→ **TASK TO CARRY OUT**:
Once the pictures are removed, output the remaining entries exactly as given.

Source records:

************

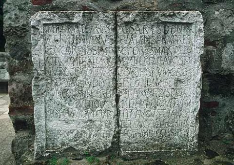 - Imperatores Caesares dd(omini) nn(ostri) / Valentinianus [e]t Valens fratres / concordissimi victores maximi / ac triumphatores [s]emperque Augusti / muros cum turribus horum cas/trorum a rudimentis fundamento/rum consurgere imperarunt dispo/nente Equitio v(iro) c(larissimo) comite mag(istro) equitum / peditumque cur[a]nte Augustiano / [[v(iro) c(larissimo) comite ord(inis)]] pr[i]mi et duce Val(eriae) limitis / numini clementi(a)eq[u]e eorum dicatissimis
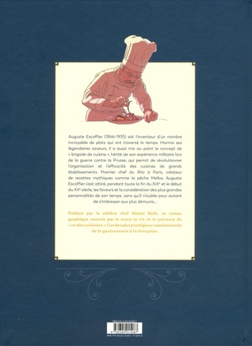 Auguste Escoffier (1846-1935) est l'inventeur d'un nombre incroyable de plats qui ont traversé le temps. Hormis ses légendaires saveurs, il a aussi mis au point le concept de "brigade de cuisine", hérité de son expérience militaire lors de la guerre contre la Prusse, qui permit de révolutionner l'organisation et l'efficacité des cuisines de grands établissements. Premier chef du Ritz à Paris, créateur de recettes mythiques comme la pêche Melba, Auguste Escoffier s'est attiré, pendant toute la fin du XIXe et le début du XXe siècle, les faveurs et la considération des plus grandes personnalités de son temps, sans qu'il n'oublie pour autant de s'intéresser aux plus démunis... Préfacé par le célèbre chef Michel Roth, ce roman graphique raconte par le menu la vie et le parcours du "roi des cuisiniers", l'un des plus prestigieux représentants de la gastronomie à la française.
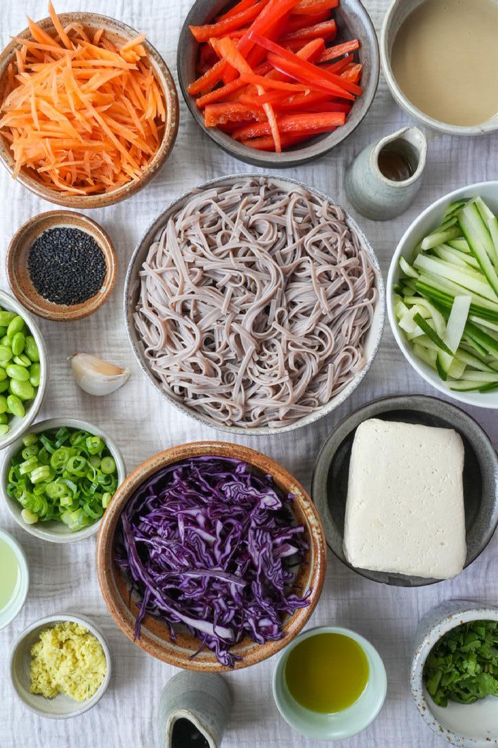 1. Cook the noodles. Bring a pot of water to the boil and cook the soba noodles according to package instructions (typically 4–5 minutes). Drain and rinse well under cold water to stop the cooking process and to prevent sticking. Chill.
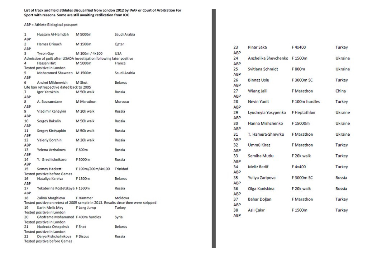 #Athletics As promised, the list of athletes DQ from London 2012 for doping.
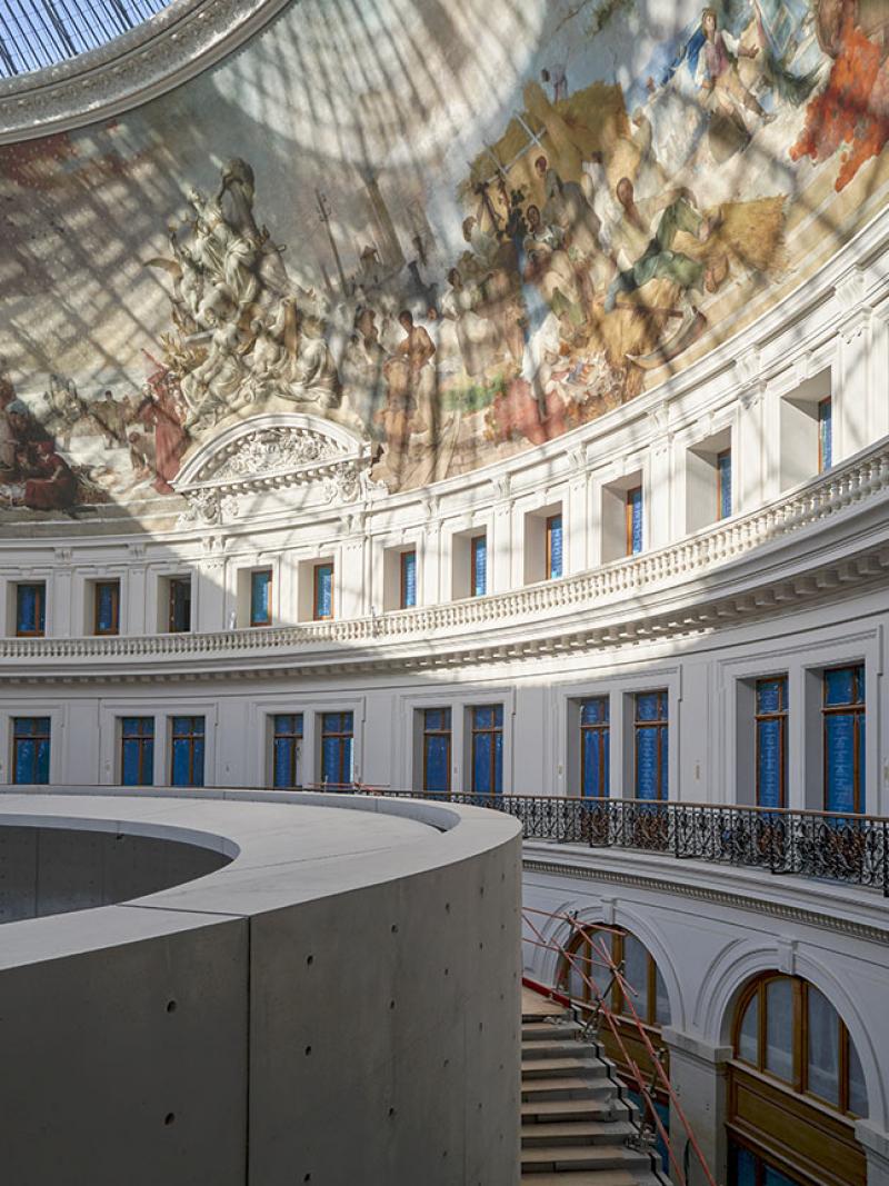 Une des plus grandes fresques peintes, en toile marouflée, de 1.400 mètres de long, panorama circulaire qui décrit de manière idéalisée le commerce entre les continents, a été restaurée. Trois univers s'allient dans ce décor de blancheur : en haut, les cieux changeants à travers la verrière ; au milieu, la peinture colorée et surchargée de personnages et de symboles du XIXe siècle; et en bas, le dépouillement du béton qui mettra en valeur un art contemporain volontiers minimaliste.

************

→ **SOLUTION**:
 - Imperatores Caesares dd(omini) nn(ostri) / Valentinianus [e]t Valens fratres / concordissimi victores maximi / ac triumphatores [s]emperque Augusti / muros cum turribus horum cas/trorum a rudimentis fundamento/rum consurgere imperarunt dispo/nente Equitio v(iro) c(larissimo) comite mag(istro) equitum / peditumque cur[a]nte Augustiano / [[v(iro) c(larissimo) comite ord(inis)]] pr[i]mi et duce Val(eriae) limitis / numini clementi(a)eq[u]e eorum dicatissimis
 Auguste Escoffier (1846-1935) est l'inventeur d'un nombre incroyable de plats qui ont traversé le temps. Hormis ses légendaires saveurs, il a aussi mis au point le concept de "brigade de cuisine", hérité de son expérience militaire lors de la guerre contre la Prusse, qui permit de révolutionner l'organisation et l'efficacité des cuisines de grands établissements. Premier chef du Ritz à Paris, créateur de recettes mythiques comme la pêche Melba, Auguste Escoffier s'est attiré, pendant toute la fin du XIXe et le début du XXe siècle, les faveurs et la considération des plus grandes personnalités de son temps, sans qu'il n'oublie pour autant de s'intéresser aux plus démunis... Préfacé par le célèbre chef Michel Roth, ce roman graphique raconte par le menu la vie et le parcours du "roi des cuisiniers", l'un des plus prestigieux représentants de la gastronomie à la française.
 1. Cook the noodles. Bring a pot of water to the boil and cook the soba noodles according to package instructions (typically 4–5 minutes). Drain and rinse well under cold water to stop the cooking process and to prevent sticking. Chill.
 #Athletics As promised, the list of athletes DQ from London 2012 for doping.
 Une des plus grandes fresques peintes, en toile marouflée, de 1.400 mètres de long, panorama circulaire qui décrit de manière idéalisée le commerce entre les continents, a été restaurée. Trois univers s'allient dans ce décor de blancheur : en haut, les cieux changeants à travers la verrière ; au milieu, la peinture colorée et surchargée de personnages et de symboles du XIXe siècle; et en bas, le dépouillement du béton qui mettra en valeur un art contemporain volontiers minimaliste.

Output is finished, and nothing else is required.